Бабохамов и Ворискин прибежали очень быстро. Мы сидели у меня на кухне, пили кофе, и они, восхищаясь картинками, говорили, что все сложилось, оформление прекрасное и можно уже сразу, прямо сейчас идти в издательство. Оба были в приподнятом настроении, бодрые такие, бедняжки, они даже не подозревали, что это был их последний день — в нашем измерении.
Они пропали бесследно. Я звонила им по всем телефонам, которые они мне предусмотрительно оставили. Никто никогда там не отвечал. Опять райские кущи. По прошествии месяца я решила для успокоения совести еще раз набрать номер мобильного телефона Ворискина. Очень долго никто не отвечал, и вдруг, о чудо, я услышала его голос из далекого далека. Он как будто не сразу меня узнал, и это понятно, трудно вернуться к житейским реалиям, если ты находишься уже совсем в ином.
— Прошу никогда меня больше не беспокоить, — сказал он натянутым голосом и отключился.
Понятно, мне это было очень даже понятно. Только одино сильно волновало меня. Зачем Ворискин взял туда мобильный телефон? Может, у него все-таки оставались какие-то вопросы, которые его беспокоили? Интересно, какие это вопросы? Но перезвонить и спросить об этом я постеснялась.
Прямо передо мной выросли две фигуры. Надя Ковальская и ее дочка Даша. Обе румяные, как в песенке “гимназистки румяные, ля, ля, ля с каблучков”. Наконец-то. Я страдательно-вопросительно посмотрела на Надю. Голубушка, у тебя же сегодня открытие выставки, где ты ходишь?
— Покупательница домой приезжала, — оправдываясь, проговорила Надя. — Представляешь, сорок работ купила и еще заказала, и для покупательницевой приятельницы надо было сделать. Пока Дашка работы заворачивала, я для приятельницы рисовала и звонила багетчикам. Как ты себя чувствуешь? — Надя жалостливо склонилась ко мне.
— Вот сижу, девчонки меня утешают, немножко уже утешилась, так, чуточку, совсем капельку.
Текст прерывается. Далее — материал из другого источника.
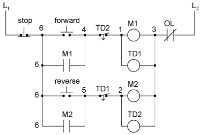 If the motor has been running in the forward direction, both M1 and TD1 will have been energized. This being the case, the normally-closed, timed-closed contact of TD1 between wires 8 and 5 will have immediately opened the moment TD1 was energized. When the stop button is pressed, contact TD1 waits for the specified amount of time before returning to its normally-closed state, thus holding the reverse pushbutton circuit open for the duration so M2 can't be energized. When TD1 times out, the contact will close and the circuit will allow M2 to be energized, if the reverse pushbutton is pressed. In like manner, TD2 will prevent the "Forward" pushbutton from energizing M1 until the prescribed time delay after M2 (and TD2) have been de-energized. The careful observer will notice that the time-interlocking functions of TD1 and TD2 render the M1 and M2 interlocking contacts redundant. We can get rid of auxiliary contacts M1 and M2 for interlocks and just use TD1 and TD2's contacts, since they immediately open when their respective relay coils are energized, thus "locking out" one contactor if the other is energized. Each time delay relay will serve a dual purpose: preventing the other contactor from energizing while the motor is running, and preventing the same contactor from energizing until a prescribed time after motor shutdown. The resulting circuit has the advantage of being simpler than the previous example:
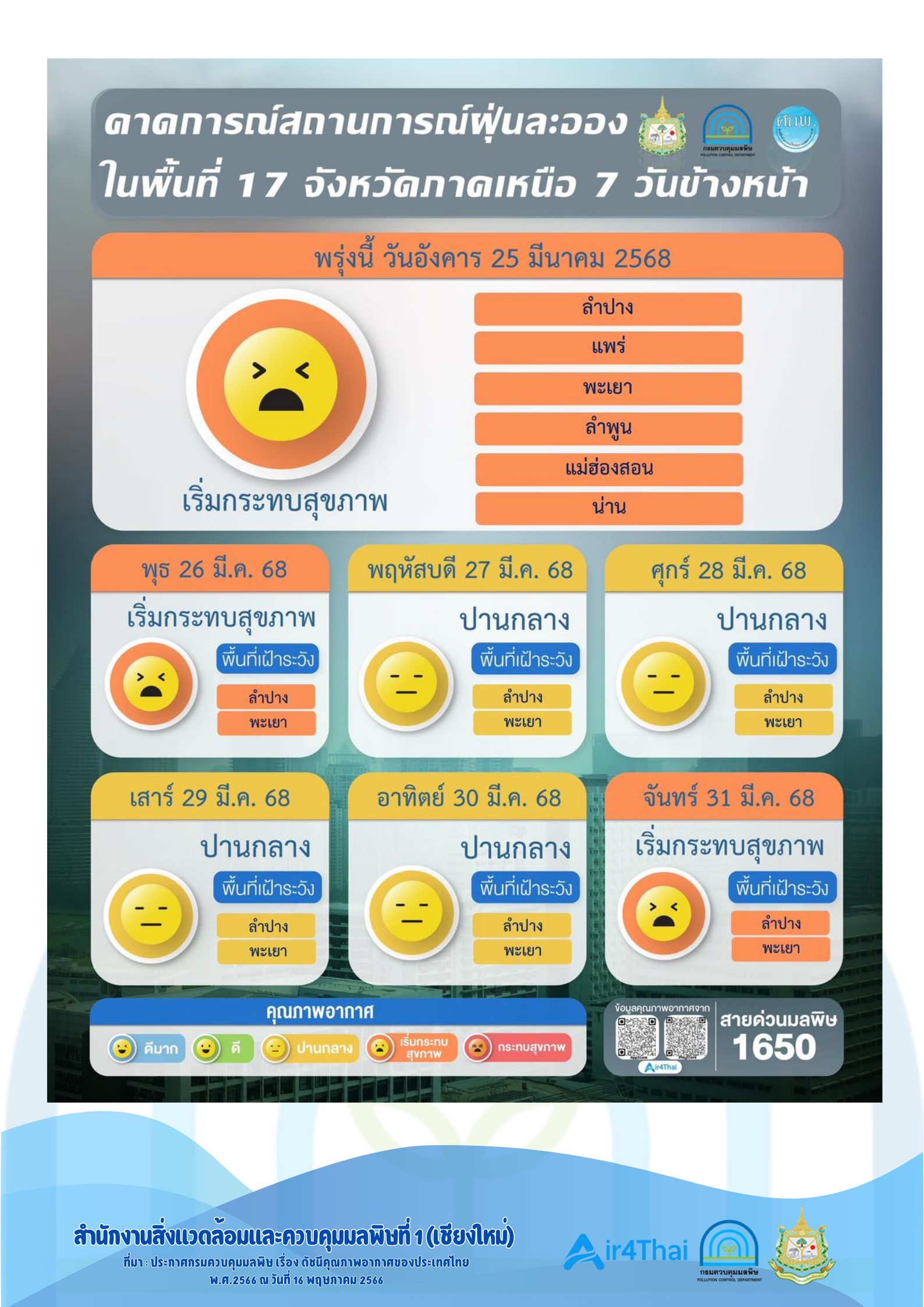 📢 สรุปสถานการณ์ฝุ่น PM2.5 ประจำวันที่ 24 มีนาคม 2568 ในพื้นที่รับผิดชอบของสำนักงานสิ่งแวดล้อมและควบคุมมลพิษที่ 1 (เชียงใหม่ เชียงราย ลำพูน แม่ฮ่องสอน)

Надя тоже стала жалеть и утешать, утешать. Затем велела Даше посидеть со мной, еще поутешать, а сама побежала наверх узнать, все ли готово к открытию выставки. Даша, милая девочка, так учтиво начала меня убаюкивать и спрашивать, что и как и как и что. Я подробно начала свою историю.
— Видишь ли, Дашенька, — менторским тоном начала я, — боль и страдание очень способствуют творческому процессу. Когда у человека ничего не болит, он ничего не чувствует и, следовательно, ничего не может сказать в плане творчества.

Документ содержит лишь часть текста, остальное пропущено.